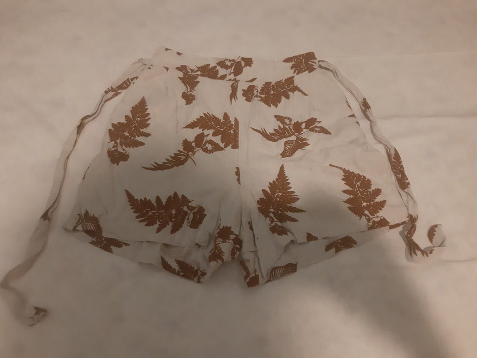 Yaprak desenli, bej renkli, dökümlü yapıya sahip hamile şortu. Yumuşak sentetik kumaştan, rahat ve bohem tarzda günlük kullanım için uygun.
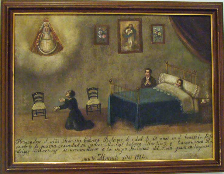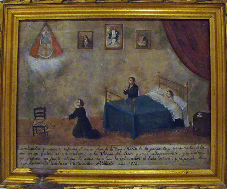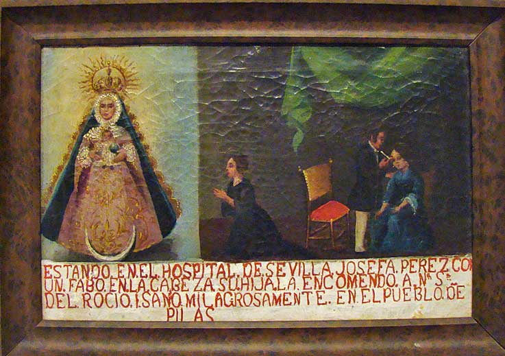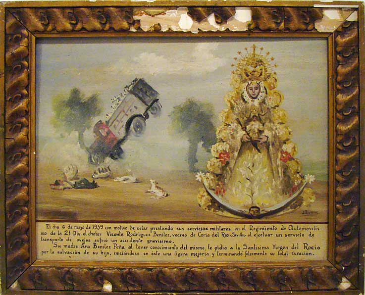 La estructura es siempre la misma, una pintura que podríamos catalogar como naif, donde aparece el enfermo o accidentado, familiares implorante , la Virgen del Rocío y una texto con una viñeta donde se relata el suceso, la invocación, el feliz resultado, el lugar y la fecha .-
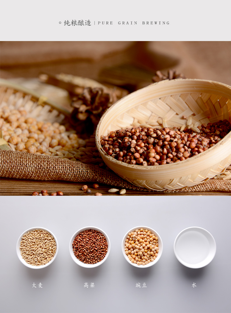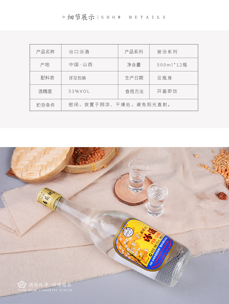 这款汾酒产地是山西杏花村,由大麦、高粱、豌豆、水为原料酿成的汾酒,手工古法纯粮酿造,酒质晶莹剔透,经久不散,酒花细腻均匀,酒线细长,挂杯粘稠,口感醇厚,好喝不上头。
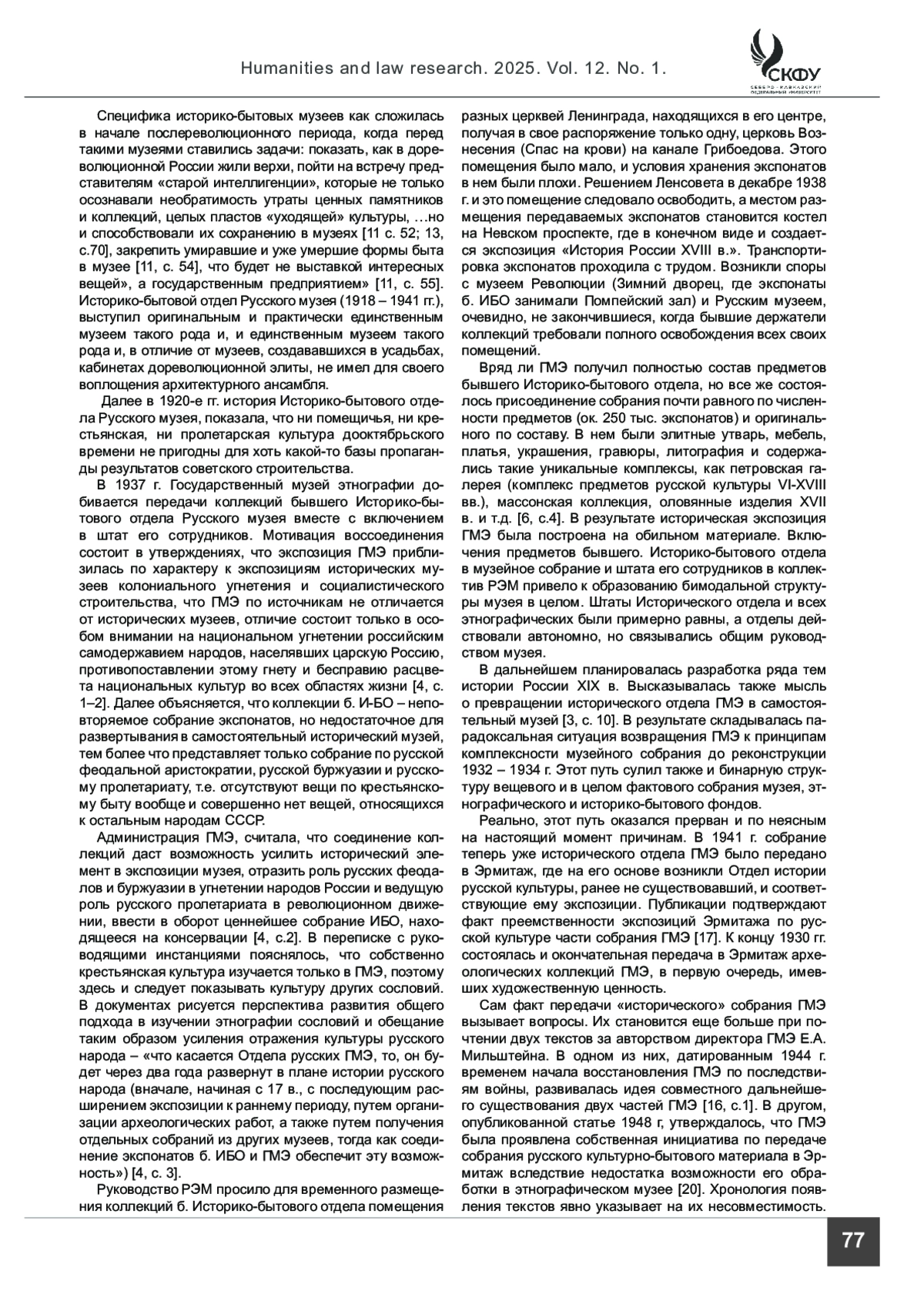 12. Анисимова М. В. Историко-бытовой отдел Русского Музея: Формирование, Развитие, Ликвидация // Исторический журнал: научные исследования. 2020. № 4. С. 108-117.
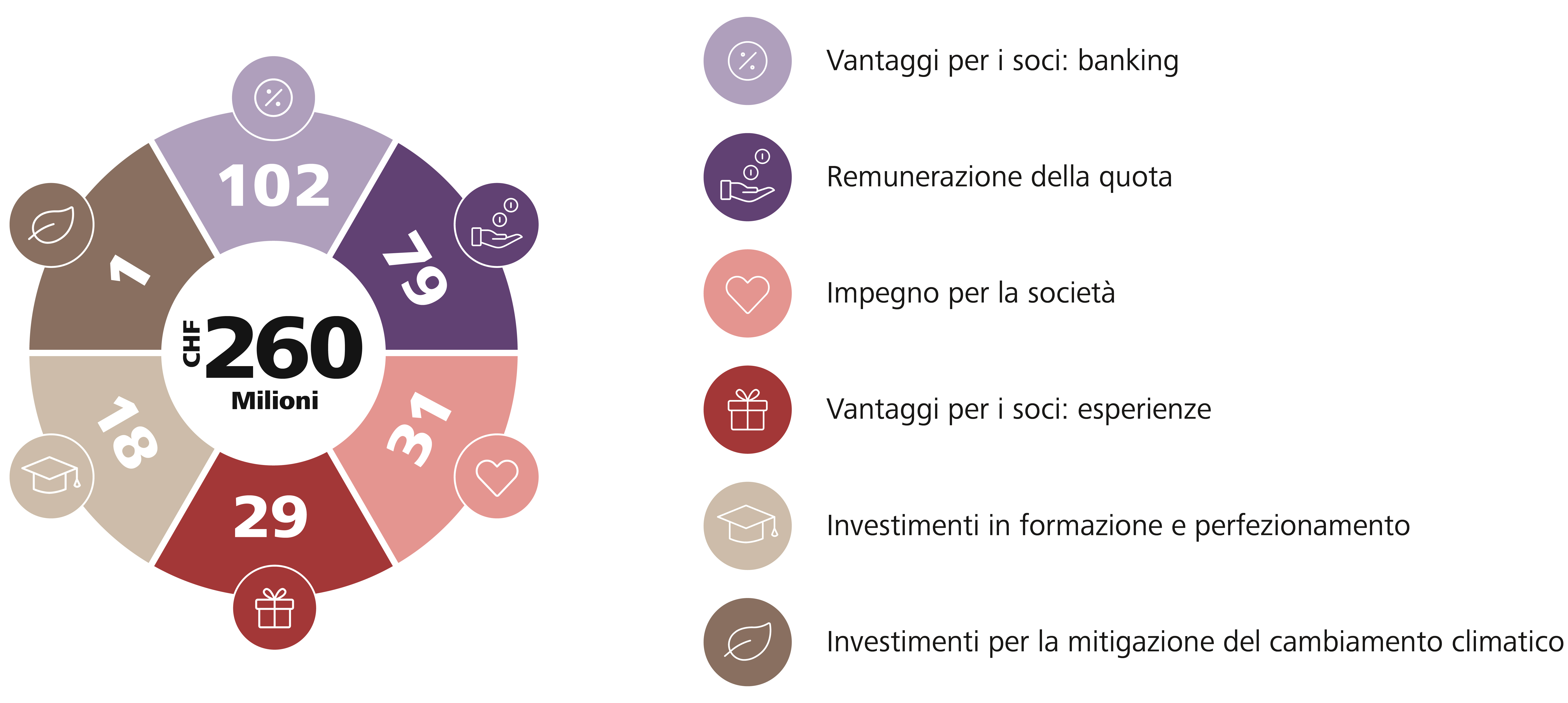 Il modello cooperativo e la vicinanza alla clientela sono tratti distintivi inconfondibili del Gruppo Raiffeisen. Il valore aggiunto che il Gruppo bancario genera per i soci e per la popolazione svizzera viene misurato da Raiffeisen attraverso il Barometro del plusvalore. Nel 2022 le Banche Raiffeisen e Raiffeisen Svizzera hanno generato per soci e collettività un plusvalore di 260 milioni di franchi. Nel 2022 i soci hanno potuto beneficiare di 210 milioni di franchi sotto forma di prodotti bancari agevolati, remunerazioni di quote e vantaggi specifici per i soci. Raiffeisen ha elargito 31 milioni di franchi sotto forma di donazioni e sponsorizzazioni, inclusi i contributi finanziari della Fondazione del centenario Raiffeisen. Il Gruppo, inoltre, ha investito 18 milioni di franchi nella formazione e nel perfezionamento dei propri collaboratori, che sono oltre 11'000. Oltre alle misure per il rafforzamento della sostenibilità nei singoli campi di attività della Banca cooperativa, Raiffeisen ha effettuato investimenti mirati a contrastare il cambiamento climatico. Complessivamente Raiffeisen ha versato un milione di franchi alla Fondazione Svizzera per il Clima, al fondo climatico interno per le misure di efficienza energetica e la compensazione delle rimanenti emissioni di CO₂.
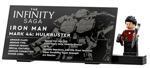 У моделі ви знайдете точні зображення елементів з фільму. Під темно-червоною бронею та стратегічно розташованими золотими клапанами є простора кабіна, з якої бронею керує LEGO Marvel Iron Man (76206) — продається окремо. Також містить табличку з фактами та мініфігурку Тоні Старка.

..........

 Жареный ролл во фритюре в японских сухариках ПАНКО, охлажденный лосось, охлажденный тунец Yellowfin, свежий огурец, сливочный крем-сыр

..........

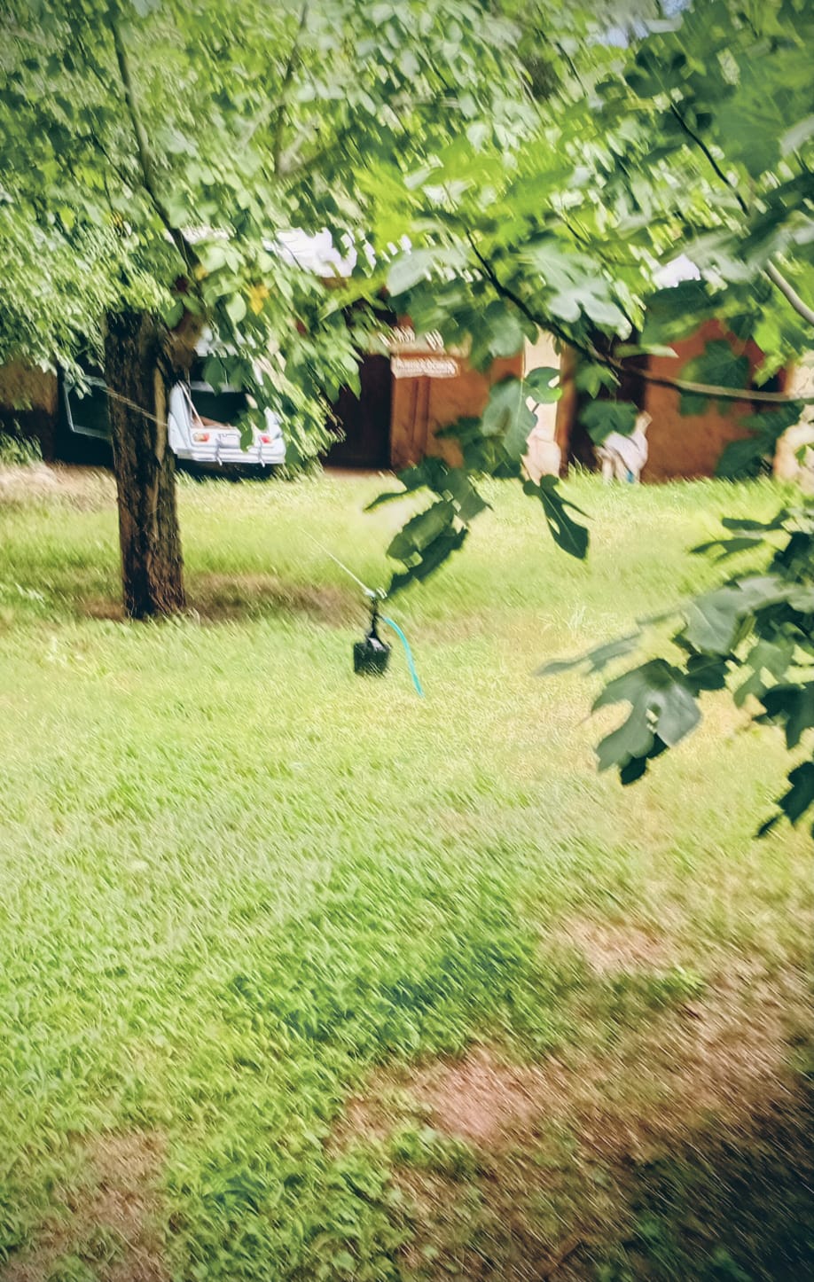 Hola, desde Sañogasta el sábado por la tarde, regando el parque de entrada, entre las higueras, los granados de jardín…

..........

Task item.
Going back to the data above, write out everything from the line with "Yaprak desenli, bej" down to the line with "12. Анисимова М.", both included, leaving every picture out.

The answer.
 Yaprak desenli, bej renkli, dökümlü yapıya sahip hamile şortu. Yumuşak sentetik kumaştan, rahat ve bohem tarzda günlük kullanım için uygun.
 La estructura es siempre la misma, una pintura que podríamos catalogar como naif, donde aparece el enfermo o accidentado, familiares implorante , la Virgen del Rocío y una texto con una viñeta donde se relata el suceso, la invocación, el feliz resultado, el lugar y la fecha .-
 这款汾酒产地是山西杏花村,由大麦、高粱、豌豆、水为原料酿成的汾酒,手工古法纯粮酿造,酒质晶莹剔透,经久不散,酒花细腻均匀,酒线细长,挂杯粘稠,口感醇厚,好喝不上头。
 12. Анисимова М. В. Историко-бытовой отдел Русского Музея: Формирование, Развитие, Ликвидация // Исторический журнал: научные исследования. 2020. № 4. С. 108-117.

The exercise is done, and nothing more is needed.